Я навещал его каждый день, чтобы послушать рас­сказы о Коммуне этого широколицего, трудолюбивого, слегка поэтического, спокойного и чрезвычайно добро­душного революционера. Он принимал деятельное участие в восстании и теперь заканчивал книгу о нем под загла­вием: «Третье поражение французского пролетариата».

Раз утром, когда я взбирался к навесу, сияющий Малон встретил меня восклицанием: «А знаете, Пэнди жив! Вот письмо от него. Он в Швейцарии!» Про Пэнди ничего не было слышно с 25 или 26 мая, когда его видели в последний раз в Тюильри. Думали, что он расстрелян, между тем как он все это время скрывался в Париже. Не переставая гнуть ивняк, Малон тихим голосом, в ко­тором лишь порой слышалась дрожь, рассказывал мне, сколько человек версальцы расстреляли, принимая их за Пэнди, за Варлэна или за него самого. Он передал мне то, что знал про смерть переплетчика Варлэна, кото­рого парижские рабочие боготворили, про старого Делеклюза, не желавшего пережить нового поражения, и про многих других. Все ужасы кровавой масленицы, которой богатые классы отпраздновали свое возвращение в Па­риж, проходили передо мною, а затем — дух мщения, вызванный ими в толпе, предводимой Раулем Риго, кото­рая и расстреляла заложников Коммуны.

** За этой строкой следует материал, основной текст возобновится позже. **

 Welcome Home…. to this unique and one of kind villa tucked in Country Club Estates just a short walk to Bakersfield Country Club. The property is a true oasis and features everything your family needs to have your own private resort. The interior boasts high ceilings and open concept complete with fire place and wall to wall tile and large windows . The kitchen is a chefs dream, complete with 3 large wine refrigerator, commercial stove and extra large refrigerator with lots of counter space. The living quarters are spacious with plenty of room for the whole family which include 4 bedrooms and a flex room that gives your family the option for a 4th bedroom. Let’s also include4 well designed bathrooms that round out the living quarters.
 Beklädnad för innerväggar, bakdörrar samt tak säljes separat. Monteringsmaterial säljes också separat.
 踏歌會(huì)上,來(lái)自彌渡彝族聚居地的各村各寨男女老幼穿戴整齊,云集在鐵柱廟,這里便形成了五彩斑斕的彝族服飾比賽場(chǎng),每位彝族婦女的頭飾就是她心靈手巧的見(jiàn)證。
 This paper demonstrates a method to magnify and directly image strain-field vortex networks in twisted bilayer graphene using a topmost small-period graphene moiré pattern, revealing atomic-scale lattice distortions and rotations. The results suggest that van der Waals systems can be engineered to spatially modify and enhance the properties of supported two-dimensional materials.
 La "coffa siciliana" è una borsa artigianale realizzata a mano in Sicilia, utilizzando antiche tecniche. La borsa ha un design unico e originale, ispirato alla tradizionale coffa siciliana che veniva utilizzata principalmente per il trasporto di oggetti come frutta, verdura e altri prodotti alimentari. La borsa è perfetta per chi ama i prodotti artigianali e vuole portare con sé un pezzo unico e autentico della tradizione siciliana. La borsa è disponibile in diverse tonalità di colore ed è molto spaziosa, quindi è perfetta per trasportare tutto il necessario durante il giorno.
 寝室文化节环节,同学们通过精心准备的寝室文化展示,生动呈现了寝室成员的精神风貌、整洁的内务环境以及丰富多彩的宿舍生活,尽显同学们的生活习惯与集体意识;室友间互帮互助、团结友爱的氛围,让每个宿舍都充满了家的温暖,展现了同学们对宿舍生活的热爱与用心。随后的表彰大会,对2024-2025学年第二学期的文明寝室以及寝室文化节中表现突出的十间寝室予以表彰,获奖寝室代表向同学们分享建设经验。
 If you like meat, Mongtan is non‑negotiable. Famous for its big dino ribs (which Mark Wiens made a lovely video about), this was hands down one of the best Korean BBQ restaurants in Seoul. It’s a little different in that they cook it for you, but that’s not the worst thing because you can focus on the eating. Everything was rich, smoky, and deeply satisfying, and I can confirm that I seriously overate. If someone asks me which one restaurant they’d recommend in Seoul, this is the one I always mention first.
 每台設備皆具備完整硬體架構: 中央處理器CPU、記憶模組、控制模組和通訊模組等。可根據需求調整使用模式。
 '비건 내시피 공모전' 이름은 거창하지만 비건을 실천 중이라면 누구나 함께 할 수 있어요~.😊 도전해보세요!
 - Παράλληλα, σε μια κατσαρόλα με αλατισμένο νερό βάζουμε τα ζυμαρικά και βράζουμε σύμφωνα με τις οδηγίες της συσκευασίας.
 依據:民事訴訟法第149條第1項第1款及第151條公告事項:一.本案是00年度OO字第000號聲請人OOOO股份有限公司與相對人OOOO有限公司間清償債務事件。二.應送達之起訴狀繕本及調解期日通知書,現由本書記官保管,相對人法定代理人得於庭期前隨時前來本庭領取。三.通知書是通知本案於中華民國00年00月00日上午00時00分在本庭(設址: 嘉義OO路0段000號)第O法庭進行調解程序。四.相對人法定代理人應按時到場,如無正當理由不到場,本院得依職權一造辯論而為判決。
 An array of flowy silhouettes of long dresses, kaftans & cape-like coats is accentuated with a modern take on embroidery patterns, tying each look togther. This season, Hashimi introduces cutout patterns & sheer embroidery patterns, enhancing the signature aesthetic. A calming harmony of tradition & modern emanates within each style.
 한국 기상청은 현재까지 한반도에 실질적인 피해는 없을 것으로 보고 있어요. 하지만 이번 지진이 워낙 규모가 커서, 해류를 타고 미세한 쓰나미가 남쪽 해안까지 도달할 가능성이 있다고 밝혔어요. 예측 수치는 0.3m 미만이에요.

Губы Малона дрожали, когда он говорил про героизм парижских мальчуганов, и слезы капали у него из глаз, когда он рассказывал мне про одного мальчика, которого версальцы собрались расстрелять. Перед смертью маль­чик обратился к офицеру с просьбой позволить ему снести серебряные часы матери, жившей неподалеку. Тогда офи­цер из жалости дал разрешение, надеясь, вероятно, что мальчик не возвратится. Но через четверть часа малень­кий герой прибежал и, ставши у стены среди трупов, крикнул им: «Я готов».

Двенадцать пуль пресекли его молодую жизнь. Кажется, никогда я не испытал такого нравственного страдания, как при чтении ужасной книги «Le Livre rouge de la Justice rurale»*. Она была составлена исключитель­но из парижских корреспонденции, помещенных в «Standard», «Daily Telegraph», «Times»** в конце мая 1871 го­да, в которых говорилось об ужасах, совершенных версальцами под начальством Галифэ, а также приводились выдержки из «Figaro»***, пропитанные самою ярою кро­вожадностью по отношению к инсургентам. Мною овла­девало мрачное отчаяние. И оно сохранилось бы, если бы впоследствии в побежденных, переживших все эти ужасы, я не видел полного отсутствия ненависти; веры в оконча­тельное торжество идеала; спокойного, хотя грустного, взгляда, обращенного к будущему; стремления забыть кошмар прошлого — словом, всех тех черт, которые по­ражали меня не только в Малоне, но во всех коммуна­рах, живших в Женеве, а также во всех тех, кого я встре­тил впоследствии: Луизе Мишель, Лефрансэ, Элизэ Реклю и других.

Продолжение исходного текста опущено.